- EXERCISE BRIEF -
Return, word for word, the lines of the listing below from the one with "こまつなのごまあえ ごはん 牛乳」" through the one with "The Iranian foreign", and no other lines.

- EXTRACTED INFORMATION -

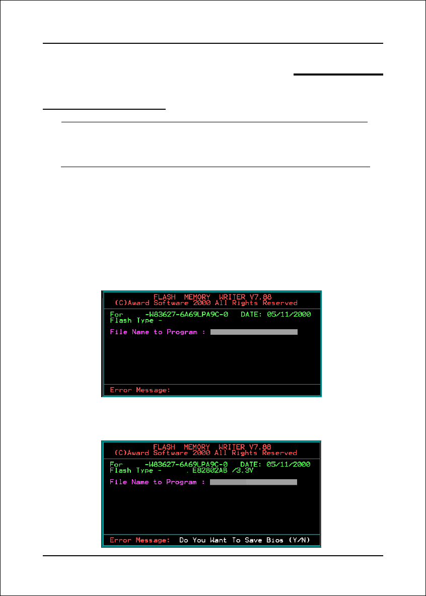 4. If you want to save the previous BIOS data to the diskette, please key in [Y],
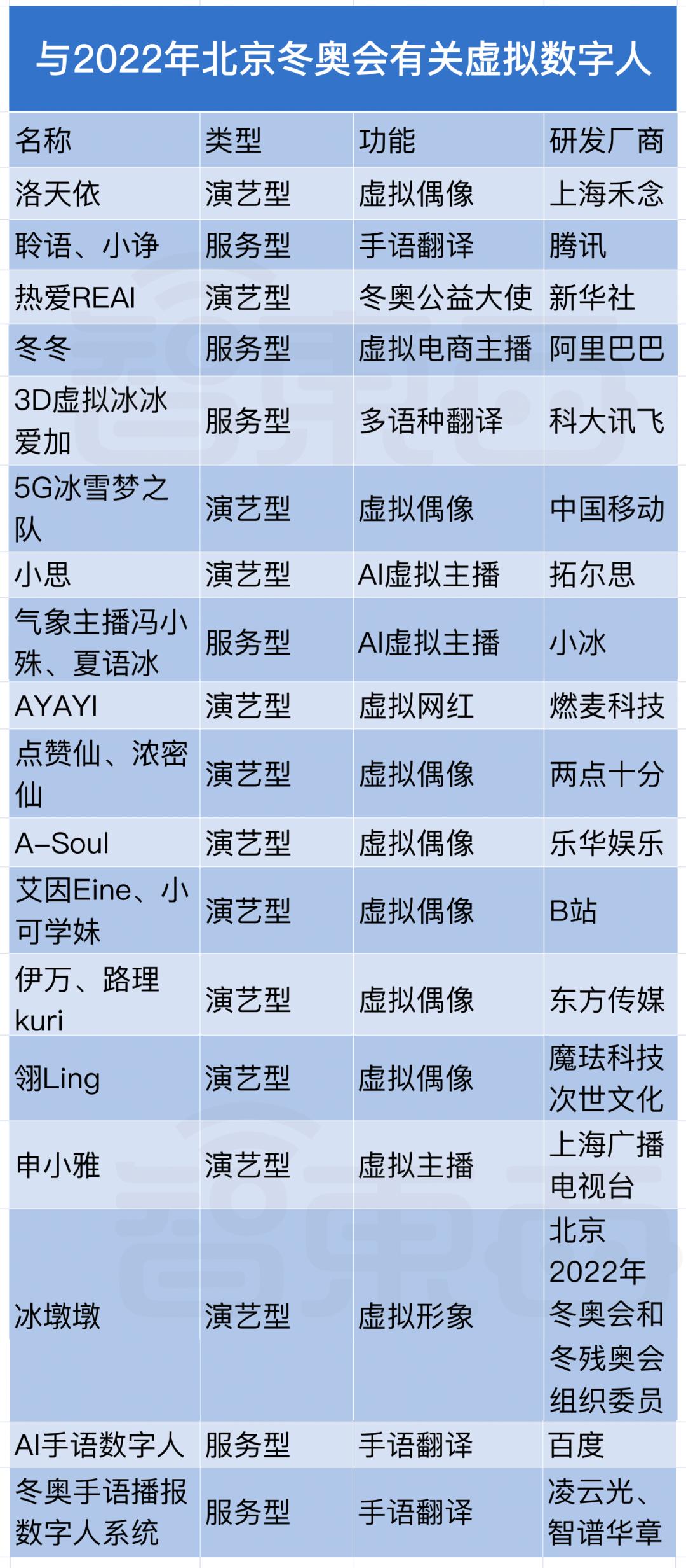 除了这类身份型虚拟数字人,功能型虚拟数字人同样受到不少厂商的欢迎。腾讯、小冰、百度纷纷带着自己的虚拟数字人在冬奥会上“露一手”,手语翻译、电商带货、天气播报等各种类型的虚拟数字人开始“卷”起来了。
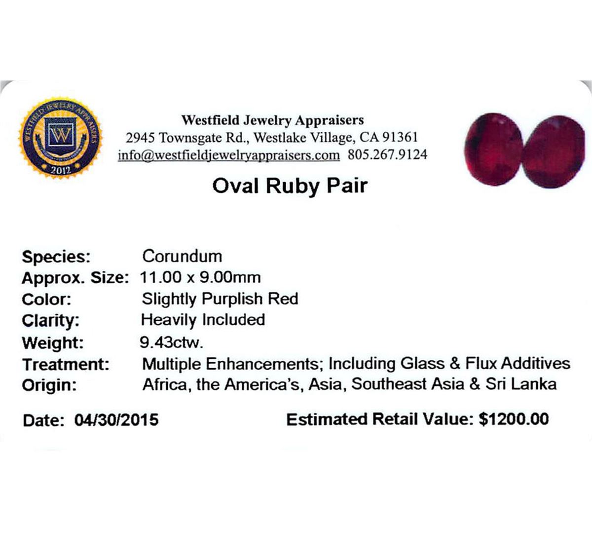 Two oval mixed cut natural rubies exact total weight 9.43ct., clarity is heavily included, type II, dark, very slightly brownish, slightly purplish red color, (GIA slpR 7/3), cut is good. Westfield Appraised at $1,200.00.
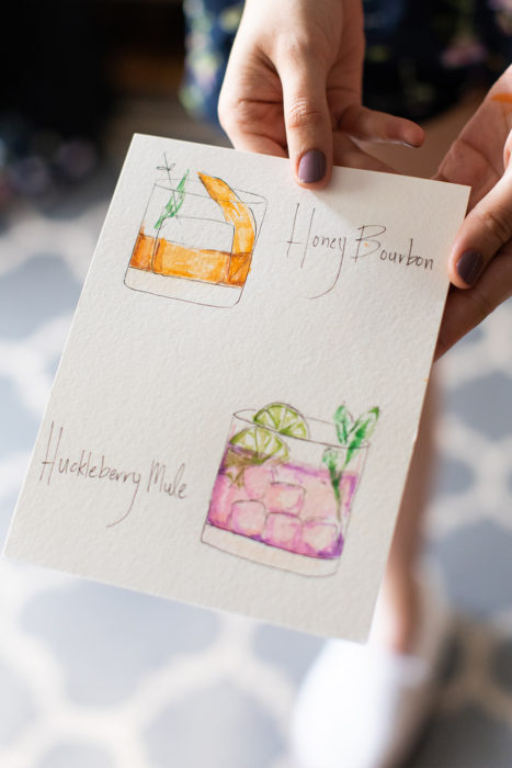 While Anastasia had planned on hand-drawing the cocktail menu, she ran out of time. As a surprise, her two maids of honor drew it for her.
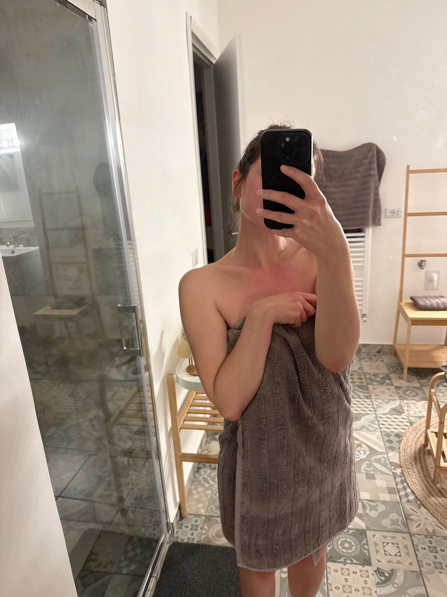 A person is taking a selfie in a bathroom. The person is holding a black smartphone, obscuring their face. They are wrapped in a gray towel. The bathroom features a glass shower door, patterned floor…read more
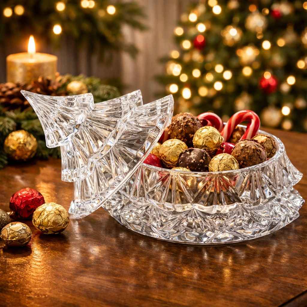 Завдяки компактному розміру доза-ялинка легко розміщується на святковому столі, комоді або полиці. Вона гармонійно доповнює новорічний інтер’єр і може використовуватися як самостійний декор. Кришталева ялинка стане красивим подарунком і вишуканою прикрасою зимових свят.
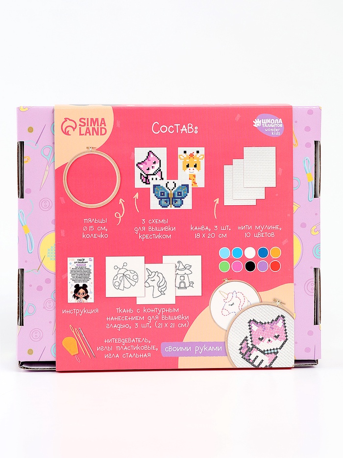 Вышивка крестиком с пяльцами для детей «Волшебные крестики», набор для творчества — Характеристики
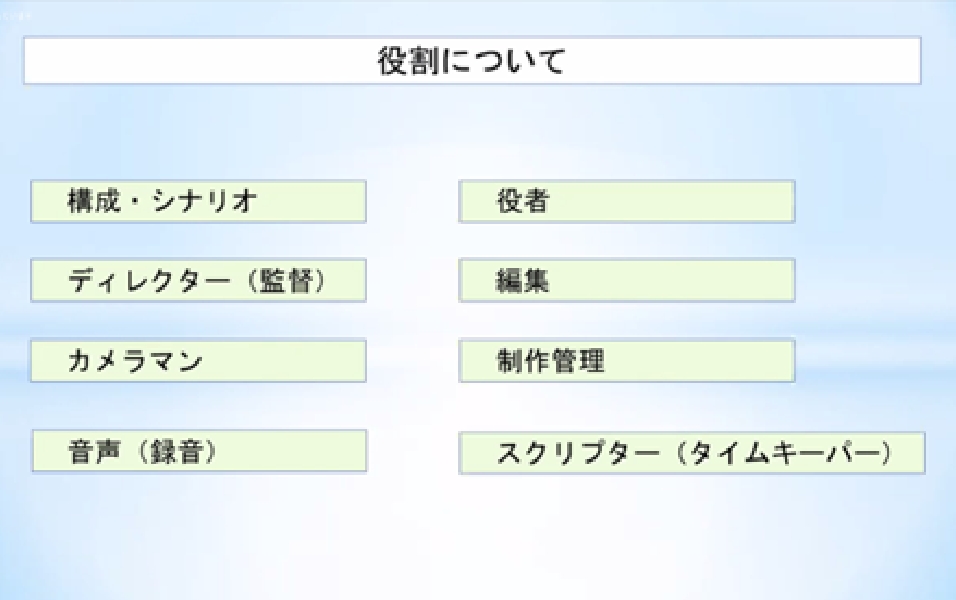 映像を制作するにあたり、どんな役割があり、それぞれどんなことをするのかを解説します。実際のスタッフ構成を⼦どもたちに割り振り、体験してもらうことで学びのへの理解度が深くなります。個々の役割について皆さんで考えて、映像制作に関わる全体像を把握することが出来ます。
* * *
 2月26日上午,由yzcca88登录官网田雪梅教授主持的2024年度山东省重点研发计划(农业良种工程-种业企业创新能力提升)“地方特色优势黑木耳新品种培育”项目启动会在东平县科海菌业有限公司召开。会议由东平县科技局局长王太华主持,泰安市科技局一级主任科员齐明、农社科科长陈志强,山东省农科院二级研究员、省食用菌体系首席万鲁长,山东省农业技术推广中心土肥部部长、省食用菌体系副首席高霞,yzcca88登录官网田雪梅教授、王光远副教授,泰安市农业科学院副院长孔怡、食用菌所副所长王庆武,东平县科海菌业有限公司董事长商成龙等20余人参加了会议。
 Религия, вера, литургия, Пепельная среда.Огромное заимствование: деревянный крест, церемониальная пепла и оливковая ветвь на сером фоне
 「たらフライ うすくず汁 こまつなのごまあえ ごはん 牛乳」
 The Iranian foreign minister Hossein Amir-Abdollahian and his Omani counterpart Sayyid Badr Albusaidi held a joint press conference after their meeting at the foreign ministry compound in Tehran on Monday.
...
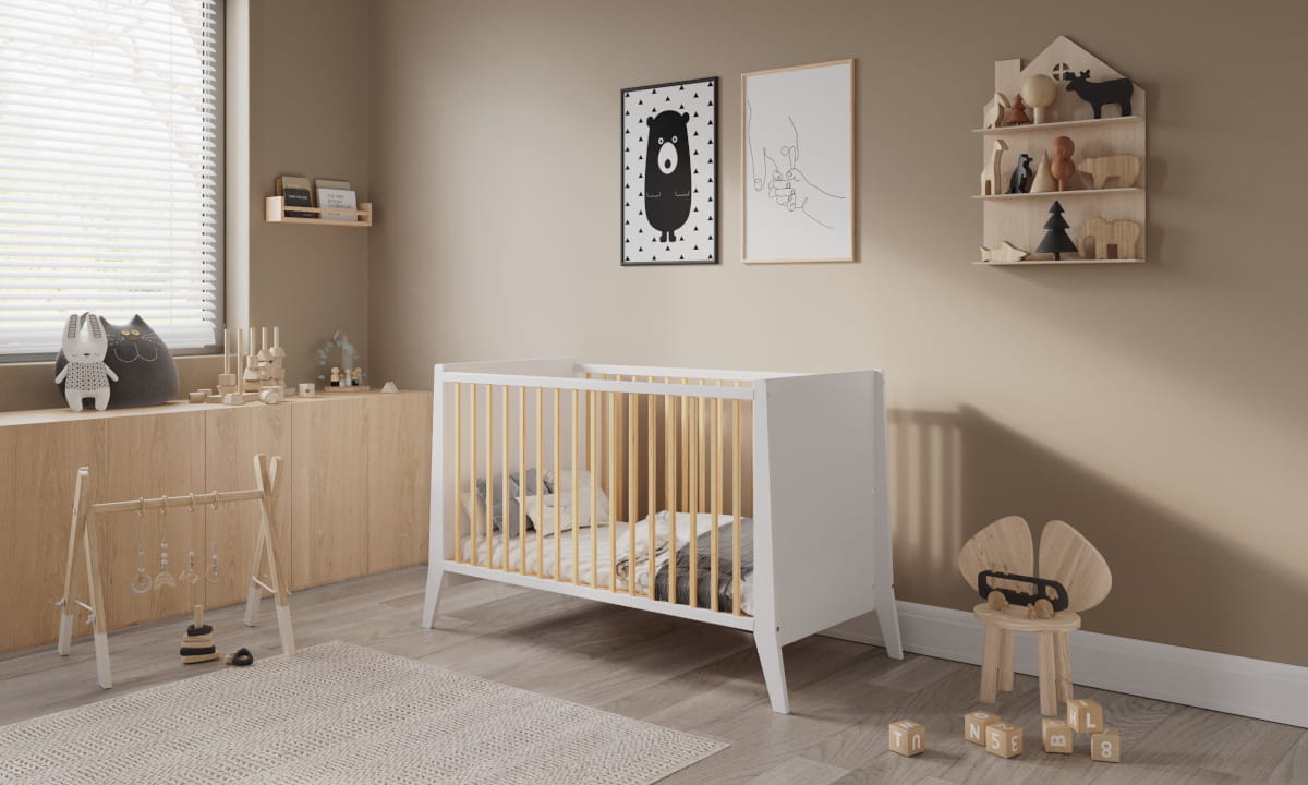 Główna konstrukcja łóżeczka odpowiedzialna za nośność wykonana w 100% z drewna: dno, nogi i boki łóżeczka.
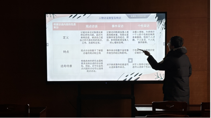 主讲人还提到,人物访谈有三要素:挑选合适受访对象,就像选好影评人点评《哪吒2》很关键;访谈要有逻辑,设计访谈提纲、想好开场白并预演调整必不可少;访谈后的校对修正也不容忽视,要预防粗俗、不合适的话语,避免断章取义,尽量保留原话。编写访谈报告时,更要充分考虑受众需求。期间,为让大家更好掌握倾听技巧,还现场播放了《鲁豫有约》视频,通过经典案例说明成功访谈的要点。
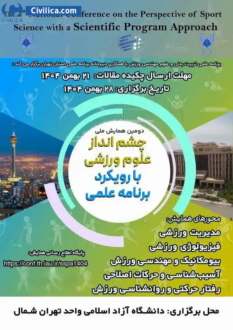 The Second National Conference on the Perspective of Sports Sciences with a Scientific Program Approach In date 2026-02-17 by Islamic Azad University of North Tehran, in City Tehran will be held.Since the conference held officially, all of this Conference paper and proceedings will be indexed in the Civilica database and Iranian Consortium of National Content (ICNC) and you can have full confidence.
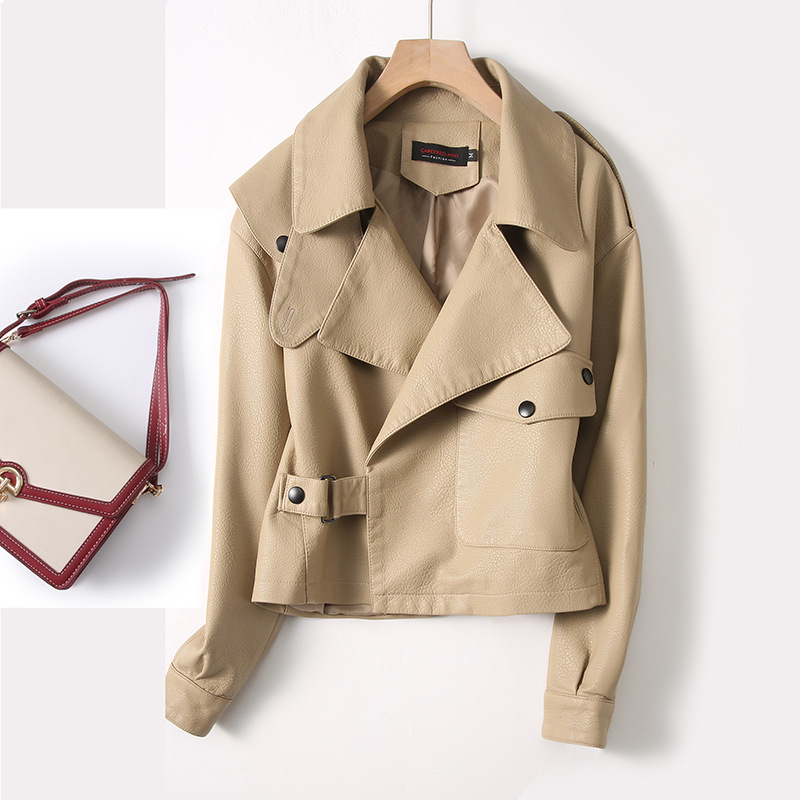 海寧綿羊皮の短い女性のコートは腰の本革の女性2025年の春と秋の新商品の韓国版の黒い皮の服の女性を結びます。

- RESULT OF THE EXERCISE -
 「たらフライ うすくず汁 こまつなのごまあえ ごはん 牛乳」
 The Iranian foreign minister Hossein Amir-Abdollahian and his Omani counterpart Sayyid Badr Albusaidi held a joint press conference after their meeting at the foreign ministry compound in Tehran on Monday.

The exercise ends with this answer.